I have already mentioned the facts concerning the scope, the power, and something of the duties of each of the plaintiffs, leaving out of consideration two widows, and speaking of their deceased husbands only, as assistant foremen. As each of those men appeared and testified, there was a display of alertness, quickness of perception, clarity of speech, and every indication of their right to lead and direct, instruct and advise the groups and workers who were under them. They performed their duties well and were, apparently, quite satisfied with their respective positions. They knew of the purposes of the keeping of the records, in all of their essential details, and the relying of the United States upon the accuracy of such records and the efficiency of the work performed by the worker, the timekeeper, and the assistant foremen who were responsible for them. They exhibited a complete right to be given such leadership and pay.
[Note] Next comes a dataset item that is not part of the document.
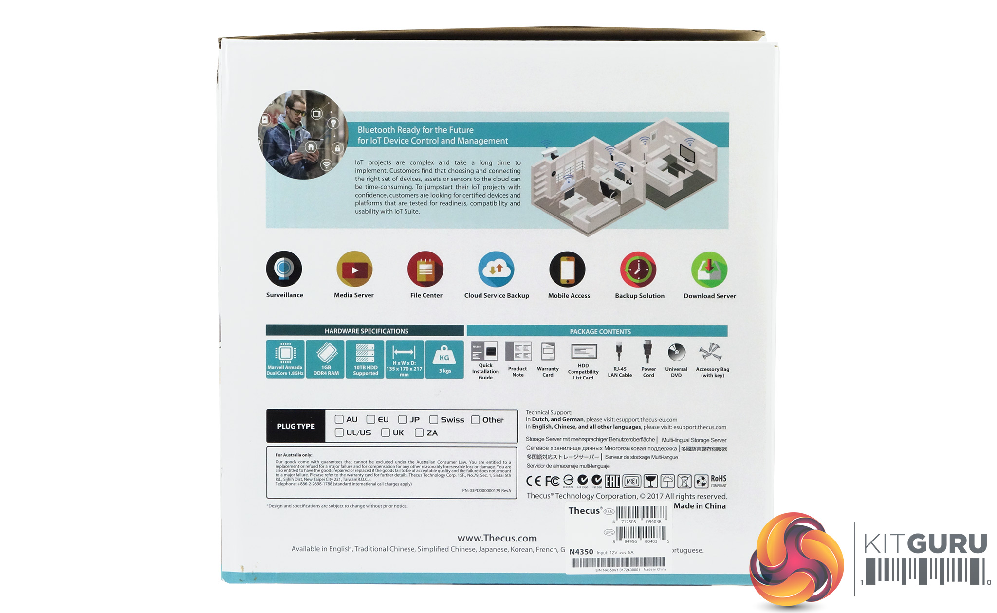 The rear of the box takes this idea further with images of the front and rear of the unit with details of various features. Under these two images are four illustrated examples of how the unit can be used; Surveillance management, combining with Plex to become a Home Media Center, using it with the Cloud and finally how it can be used for Data Protection.

Their effort to explain that they had worked at the same tasks that the timekeepers who were under them had worked, for an excess of 20%, included the thought that there was a large percentage of absenteeism among timekeepers. That proof was a failure. Each of them was deeply interested in the outcome of the cause. The witnesses who did not agree and who testified otherwise, were all disinterested with one exception. In truth, this identical department was shown to be among the leaders of the defendant's plant as against absenteeism.
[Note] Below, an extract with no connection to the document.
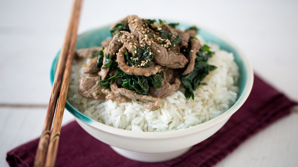 Préparation : 20 min / Cuisson : 10 min Votre marché pour 4 personnes : 500 g de filet de boeuf (ou coeur de rumsteack) ; 500 g d’épinards frais ; 2 oignons ; 50 g de beurre. Marinade : 1 cuil. à café de piment doux ; 2 cuil. à café de gingembre frais ; 1 gousse d’ail ; 2 cuil. à soupe...

A careful study of the testimony results in the conviction that judgment should be ordered for the defendant.

Counsel on both sides have been diligent in the preparation of the cause, and in the presentment of assisting briefs.

Some of the cases cited by the plaintiffs are: Walling v. Yeakley, 10 Cir., 140 F.2d 830; Snyder v. Wessner, D.C., 55 F. Supp. 971; Helliwell v. Haberman, 2 Cir., 140 F.2d 833, cited in Snyder v. Wessner, supra; Fellabaum v. Swift, D.C., 54 F. Supp. 353; Marshall-Wells Co. v. Hawley, D.C., 53 F. Supp. 295; Walling v. General Industrial Co., D.C., 60 F. Supp. 549; Cassone v. William Edgar John, Inc., 185 Misc. 573, 57 N.Y.S.2d 169; McNeal v. Central Greyhound, D.C., 66 F. Supp. 581; Allen v. Atlantic Co., 5 Cir., 145 F.2d 761.

The defendant cites, Marian v. Lockheed, D.C., 65 F. Supp. 18; Allen v. Atlantic Co., 5 Cir., 145 F.2d 761; Smith v. Porter, 8 Cir., 143 F.2d 292; Marshall Wells Co. v. Hawley, D.C., 53 F. Supp. 295; Anderson v. Federal Cartridge Co., D.C., 62 F. Supp. 775; Smith v. Porter, 8 Cir., 143 F.2d 292; Walling v. General Industries, D.C., 60 F. Supp. 549; Christiansen v. United States Gypsum, D.C., 66 F. Supp. 835; Walling v. Newman, D.C., 61 F. Supp. 971; Stanger v. Glen L. Martin Co., D.C., 56 F. Supp. 163.

We deal with a huge enterprise comprehending many efficient departments performing delicate and highly essential parts in a reliable entity, governed and directed into such efficiency by capable heads, foremen and assistant foremen.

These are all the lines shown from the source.